La prima è che pur avendo questa volta votato non ho cambiato idea sulle primarie che continuo a pensare non siano per un partito, soprattutto di sinistra la scelta più democratica per selezionare i gruppi dirigenti o le sue presenze nelle istituzioni.
Questa modalità di procedere più che aumentare la democrazia nel partito finisce per favorire una forma organizzativa, quella del partito “americano” privo di presenza territoriale o meglio che usa i circoli che ha sul territorio solo per fare le campagne elettorali e non per organizzare e essere parte dei conflitti sui problemi che hanno le persone che vi abitano.
La seconda premessa è collegata alla prima e cioè che resto persuaso che il Pd così com’era sia stata un’operazione sbagliata che ha contribuito ad accentuare e non a superare la crisi della sinistra che certamente ha ben altre cause oggettive.
Il Pd senza uno scossone che possa destabilizzarne le fondamenta su cui era stato pensato, fin da Veltroni, è parte e non una soluzione del problema dell’attuale marginalità della sinistra.
Premesso tutto ciò sono contento della elezione di Elly Schlein e della sconfitta di Bonaccini, che se invece avesse prevalso avrebbe sancito forse la definitiva liquidazione di quel poco che restava del Pd, cosa non disprezzabile, se contemporaneamente non avesse significato anche la dispersione nell’area del disimpegno e dell’astensionismo di tante sue elettrici ed elettori.

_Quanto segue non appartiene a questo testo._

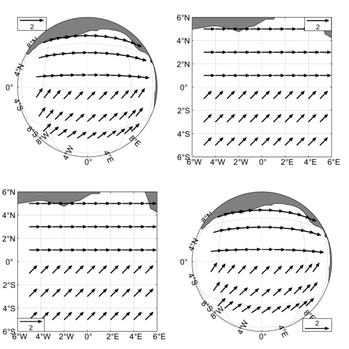 在m_map工具包中,对于m_quiver函数,为了美观,其绘制的箭头的长度含有参考地图投影各处的放缩情况而乘以了相应的放大系数的成分,因而有时并不能直接根据其长度的大小来比较不同矢量的大小(如例1)。这也是m_quiver函数所绘制的矢量场在某些时候所画的一个箭头的比例尺意义大减的重要原因。当然也可绘制由地图中心向边缘随位置到圆心的距离的增加而箭头长度递减的二维的或含有很多个箭头的比例尺集合,在这个比例尺集合中,这些箭头的长度是关于位置到圆心的距离的函数,但表现形式会有些复杂,且不易参考。

Questa è la motivazione principale che mi ha spinto a votare e anzi a fare di tutto per convincere altre ed altri a farlo. Elly Schlein doveva rovesciare il voto delle e degli iscritti e lo doveva fare mobilitando energie esterne al PD. Trovo quindi priva di fondamento l’obiezione di chi sostiene che queste elettrici ed elettori sarebbero invece confluite in Sinistra Italiana e nell’area elettorale in cui si è collocata, cioè quella dei 5 Stelle, riportati a sinistra dal nuovo leader Conte.
Chiarito ciò dico subito che sarebbe ingiustificato un eccesso di entusiasmo per la vittoria della Schlein. La parte complicata comincia ora.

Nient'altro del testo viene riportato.